Proof 2. $\zeta + \zeta^{-1}$ lies in the cyclotomic field $\mathbb{Q}(\zeta)$, which has Galois group $(\mathbb{Z}/2n)^{\times}$ acting via $\zeta \mapsto \zeta^k, k \in (\mathbb{Z}/2n)^{\times}$. It follows that the Galois conjugates of $\zeta + \zeta^{-1}$ are

$$\zeta^k + \zeta^{-k} = 2 \cos \frac{\pi k}{n}, k \in (\mathbb{Z}/2n)^{\times}$$

which are distinct as long as $0 < \frac{\pi k}{n} < \pi$, or equivalently $0 < k < n$, so there are $\frac{\varphi(2n)}{2}$ of them (unless $n = 1$ which is a degenerate case).
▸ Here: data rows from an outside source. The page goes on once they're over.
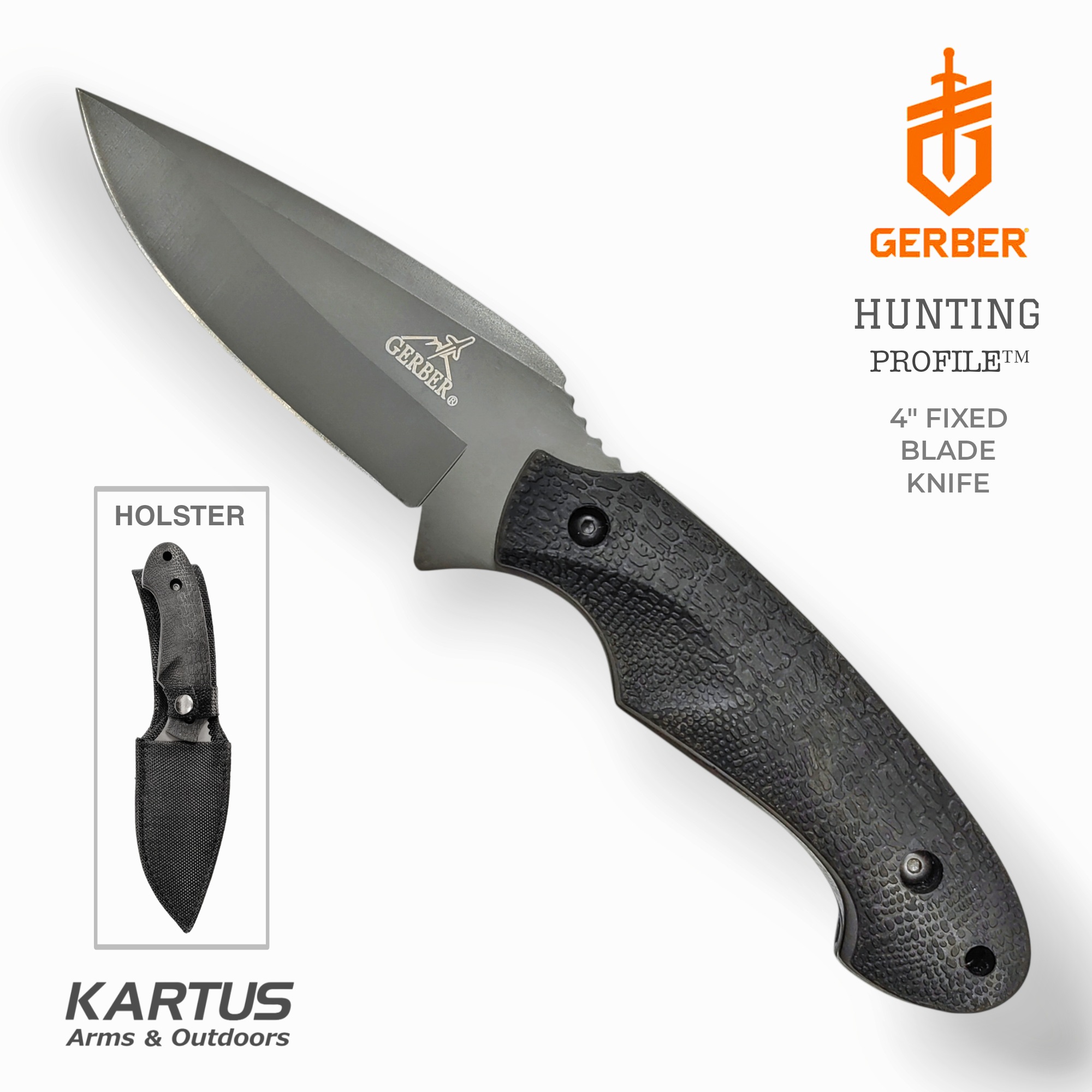 Equip yourself for hunting with the GERBER Hunting Fixed Blade Knife. This sturdy and reliable knife is designed for outdoor enthusiasts, providing a sharp edge for various cutting tasks.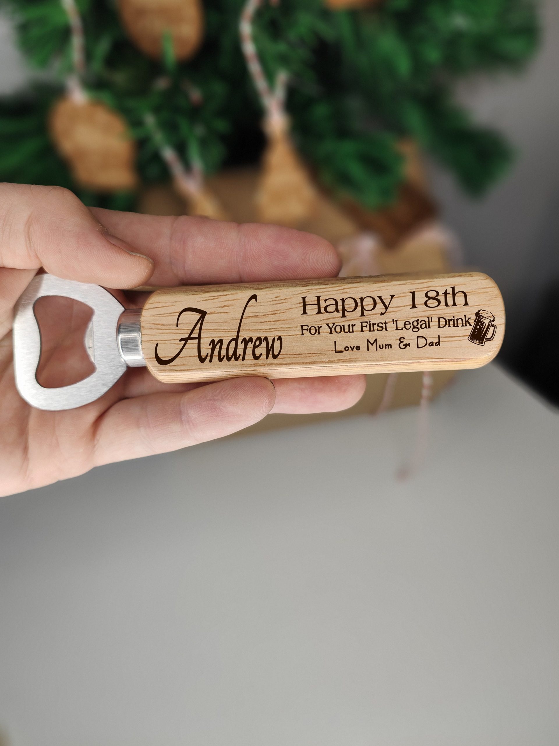 This cute wooden bottle opener is ideal for an 18th birthday gift, personalise it with the recipients name and for that extra special touch, the senders name too. We’ve designed this with a first legal drink in mind for an 18th but if you want a different age say 21st or 30th etc, or a different phrase, just drop us a message!
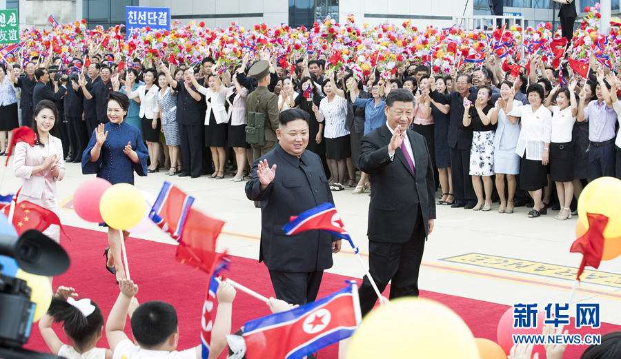 6月21日,中共中央總書記、國家主席習(xí)近平結(jié)束對朝鮮的國事訪問離開平壤回國。離開前,習(xí)近平和夫人彭麗媛出席朝鮮勞動黨委員長、國務(wù)委員會委員長金正恩和夫人李雪主在機場舉行的歡送儀式。新華社記者 黃敬文 攝

For $\zeta + \zeta^{-1}$ to be rational this number must be equal to $1$, so $\varphi(2n) = 2$. From an inspection of the prime factorization of $2n$ (which can only contain $2$ and $3$) this only occurs when $2n = 4, 6$ and hence when $n = 2, 3$.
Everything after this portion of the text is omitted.